* **Data records**
..............................
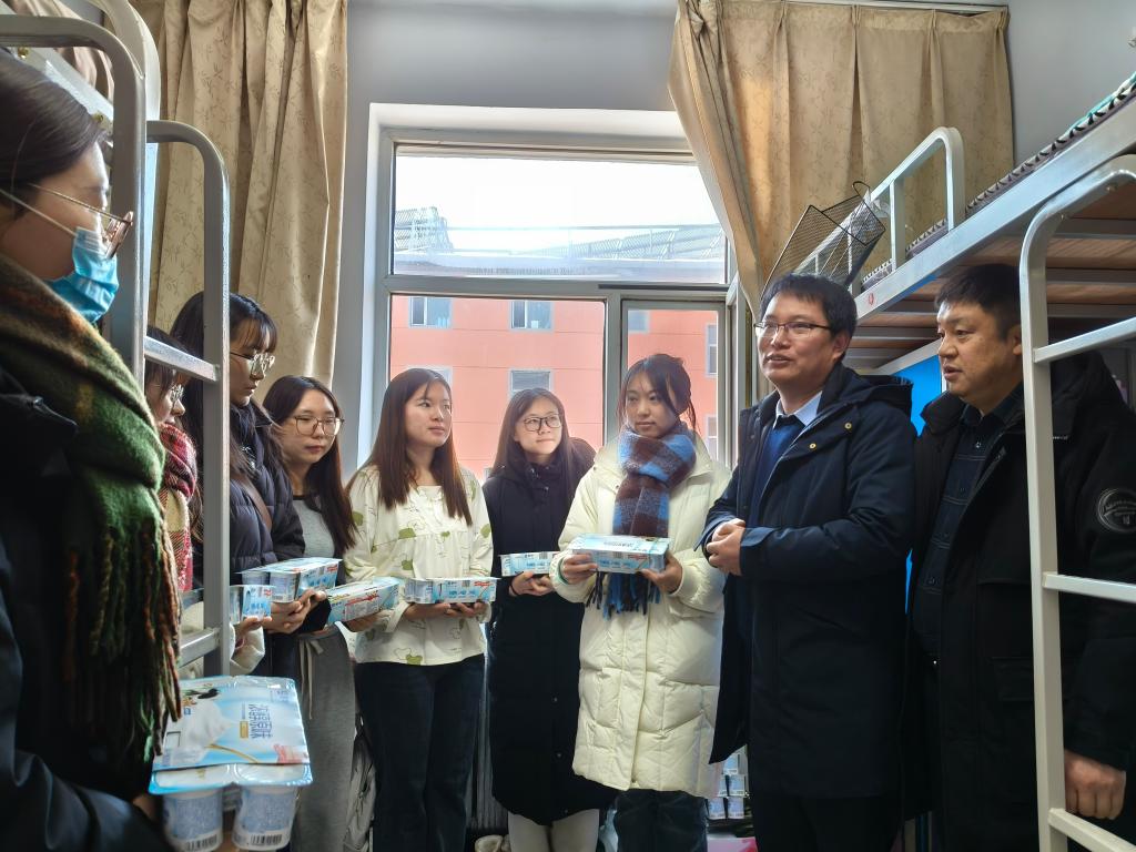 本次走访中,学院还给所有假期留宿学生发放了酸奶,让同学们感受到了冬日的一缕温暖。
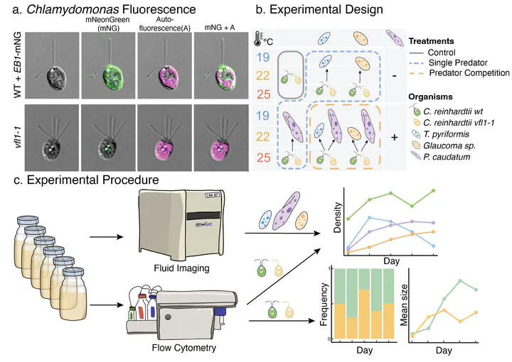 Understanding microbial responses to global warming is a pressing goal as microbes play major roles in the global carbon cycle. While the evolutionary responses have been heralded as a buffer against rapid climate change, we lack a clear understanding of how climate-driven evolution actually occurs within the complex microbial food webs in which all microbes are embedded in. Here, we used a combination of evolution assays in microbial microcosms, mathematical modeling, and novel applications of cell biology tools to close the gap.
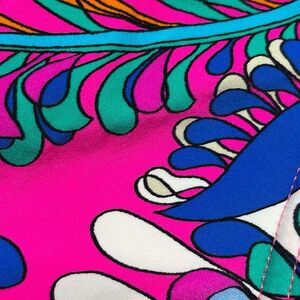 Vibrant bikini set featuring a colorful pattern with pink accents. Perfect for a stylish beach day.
..............................
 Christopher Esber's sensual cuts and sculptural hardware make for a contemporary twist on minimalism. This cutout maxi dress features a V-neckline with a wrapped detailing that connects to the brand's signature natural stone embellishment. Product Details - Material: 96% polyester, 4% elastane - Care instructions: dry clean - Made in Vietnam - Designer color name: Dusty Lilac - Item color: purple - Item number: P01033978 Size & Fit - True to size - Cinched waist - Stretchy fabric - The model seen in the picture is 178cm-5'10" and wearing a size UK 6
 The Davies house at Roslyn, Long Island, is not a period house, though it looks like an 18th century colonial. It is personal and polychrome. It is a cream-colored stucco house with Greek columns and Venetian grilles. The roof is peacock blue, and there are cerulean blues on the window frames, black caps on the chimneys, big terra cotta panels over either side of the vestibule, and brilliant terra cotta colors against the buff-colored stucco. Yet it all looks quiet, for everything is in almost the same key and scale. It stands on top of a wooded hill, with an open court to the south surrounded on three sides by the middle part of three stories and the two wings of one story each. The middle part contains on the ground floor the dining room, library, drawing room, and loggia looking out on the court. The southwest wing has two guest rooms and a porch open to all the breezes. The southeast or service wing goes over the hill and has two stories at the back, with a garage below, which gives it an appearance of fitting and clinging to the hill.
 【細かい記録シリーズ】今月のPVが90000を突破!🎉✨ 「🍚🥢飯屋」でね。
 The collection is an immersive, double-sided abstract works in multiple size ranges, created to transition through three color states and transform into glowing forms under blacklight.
..............................
The answer must consist of every line above that contains the word "size".

* **Written reply**
 Christopher Esber's sensual cuts and sculptural hardware make for a contemporary twist on minimalism. This cutout maxi dress features a V-neckline with a wrapped detailing that connects to the brand's signature natural stone embellishment. Product Details - Material: 96% polyester, 4% elastane - Care instructions: dry clean - Made in Vietnam - Designer color name: Dusty Lilac - Item color: purple - Item number: P01033978 Size & Fit - True to size - Cinched waist - Stretchy fabric - The model seen in the picture is 178cm-5'10" and wearing a size UK 6
 The collection is an immersive, double-sided abstract works in multiple size ranges, created to transition through three color states and transform into glowing forms under blacklight.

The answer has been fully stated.